Lifelong Learning

Three problem need to solve when realize lifelong learnig

Knowledge Retention
Knowledge Transfer
Model Expansion

Knowledge Retention

When a network learn a new task. It has the inclination to forget the skills it has learned. The phenomenon that the model will forget the previous skills is called Catastrophic Forgetting.

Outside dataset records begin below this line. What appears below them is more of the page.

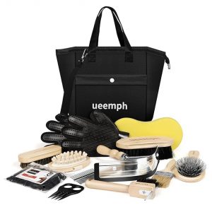 Horse Grooming Kit (12-Piece): Brushes, Storage Bag, Sweat Scraper, Mane Comb, Grooming Gloves, (Black)
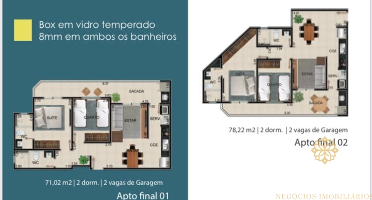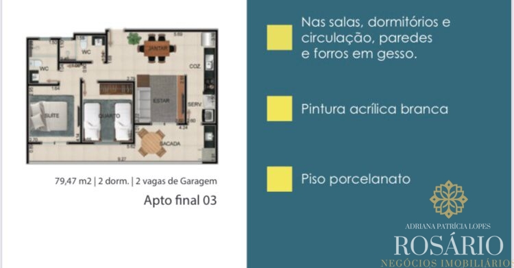 IMOVEL Á PARTIR DE 2 DORMITÓRIOS SENDO 1 SUÍTE, BANHEIRO SOCIAL, SALA, COZINHA, VARANDA GOURMET.
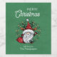 A cute, whimsical Christmas gnome on a green background, these personalised wine bottle labels are great to add to holiday gift-giving.
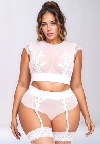 L’ensemble Magic joue la transparence avec beaucoup de style : un crop top en voile élastique semi-transparent, avec de superbes broderies placées là où il faut, et une culotte haute assortie. Les larges élastiques structurent la silhouette, marquent la taille et apportent un vrai maintien. Bonus : des jarretières amovibles pour passer en mode porte-jarretelles en un clin d’œil. Disponible en noir et en blanc.
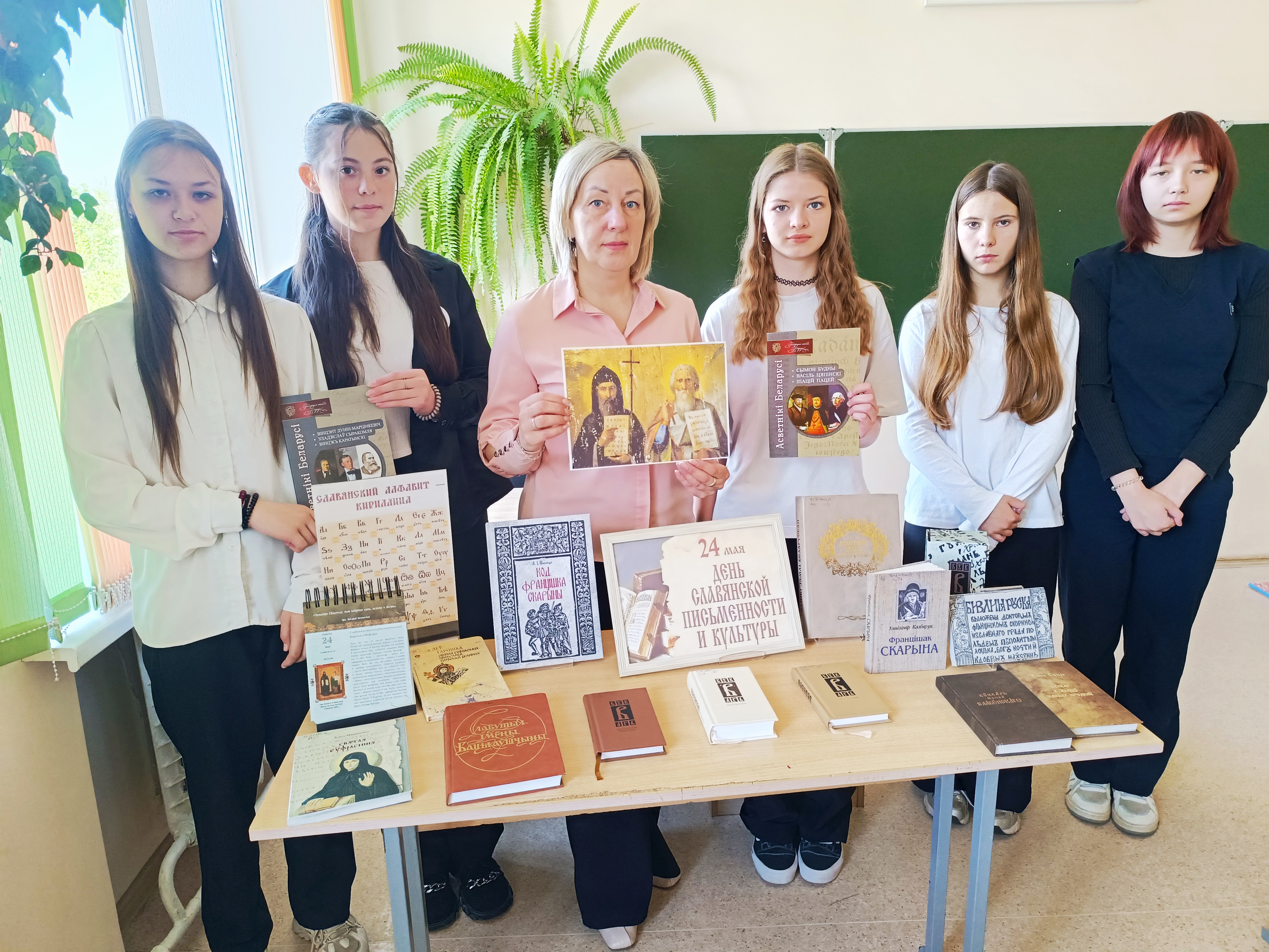 Для них был проведен обзор книжной выставки «Свет дневной, есть слово книжное», на которой представлена литература по теме славянской письменности из фонда библиотеки. Учащиеся получили новые знания об истории славянской письменности и культуры.
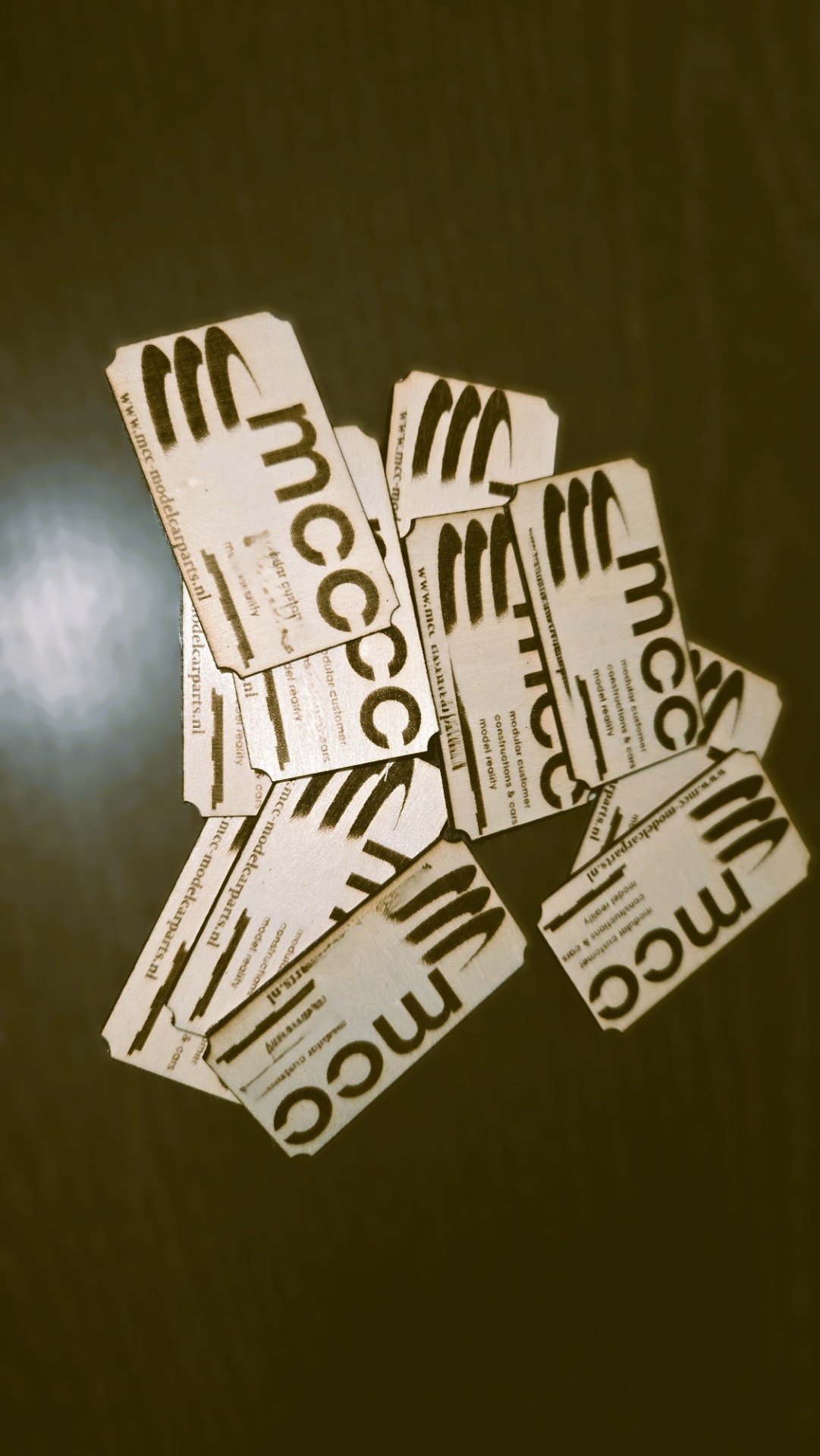 Luxe visite kaartjes op hout minimale afname van 10 / 3.00 pst
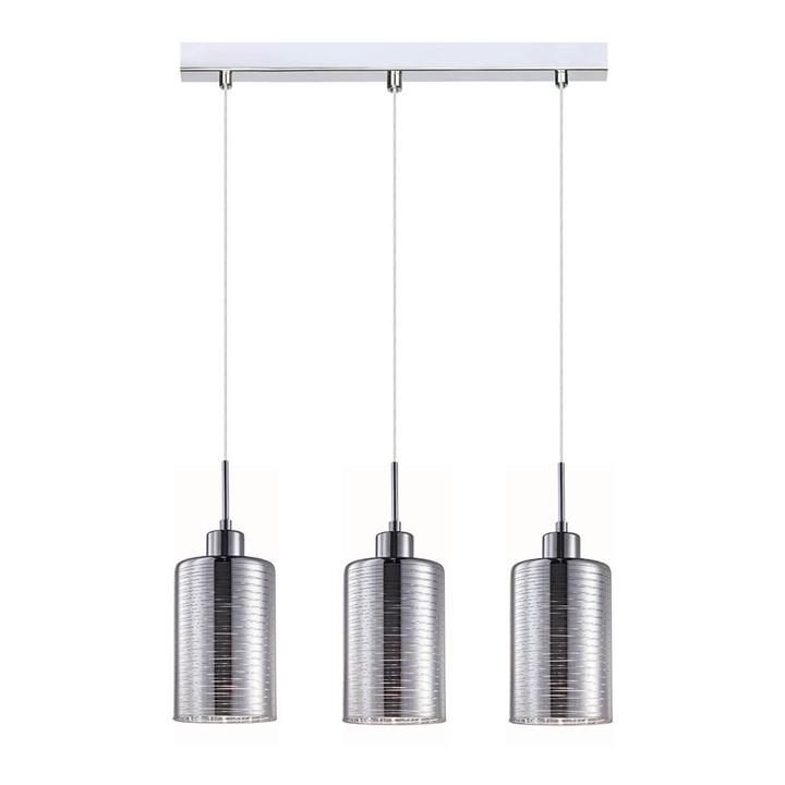 Decorative Glass Pendant Light Bar The Espejo Cylinder Glass Pendant Lights hold 3 suspended lights. The oblong-shaped pendants in this linear model sit along a rectangular metal plate from the ceiling, projecting ambient task lighting over long kitchen benches or dining areas. Each cylindrical shade is finished in luxurious chrome and with transparent streaks that allow light to funnel through. UNIQUE – Cylinder chrome glass shade designed with line streaks for a beautiful lighting effect BROAD LIGHTING – The linear structure is ideal above long kitchen islands or dining tables ADJUSTABLE – Suspended from a cord connected to a ceiling canopy and can be adjusted to your desired length upon installation of a licensed electrician LED-READY – Fitted with E27 lamp bases; choose LED globes to save electricity costs (Not included upon purchase) SAFE – Built with double insulation, hence risk of an electric shock is greatly reduced Specifications Max. Height: 3350mm Depth: 600mm Shade Dimensions: Ø120mm x H180mm Canopy Dimensions: D530mm x H25mm Canopy Shape: Rectangular Suspension: 3000mm PVC cable (Adjustable) Shape: Oblong or cylinder Globes Included?: No Globe Type: ES / ST64 Maximum Wattage: 72W Input Voltage: 220-240V AC Material and Finish (Shade): Glass, Chrome (Smooth) Material and Finish (Lampholder Cover): Iron, Chrome (Electroplated) IP Rating: IP20 (For indoor use only) Recommended Hours of Use: 4-8 hrs / day Double Insulated?: Yes, Class I Inclusions: 1x fitting, 2x screws, 2x raw plugs, 1x installation card, 1x warranty card This product must be installed by a licensed electrician. Installation instructions sheet is provided in the box.

The reason for resulting the catastrophic forgetting is not the model's size which has no enough capacity to learn the new skills. To prove this we can make the model to learn a multi-task problem and get a good results.

catastrophic forgetting

Idea

The ideas to solve knowledge retention

Elastic Weight Consolidation

\[L^{\prime}(\theta) = L(\theta) + \lambda \sum_{i} b_i(\theta_i - \theta_i^{b})^2\]

\(L^{\prime}(\theta)\) : the loss to be optimized
\(L(\theta)\) : the loss of current task
\(\theta_i\) : the parameters to be learning
\(\theta_i^{b}\) : the parameters leaned from previous tasks
\(b_i\) how important the parameter is

the idea of EWC is: learning the new parameters which are not far from the previous parameters

EWC

How to set \(b_i\) ?

small 2nd derivative -> set \(b_i\) to small or large
large 2nd derivative -> set \(b_i\) to small

important of parameters

Generating Data

Conducting multi-task learning by generating pseudo-data using generative model.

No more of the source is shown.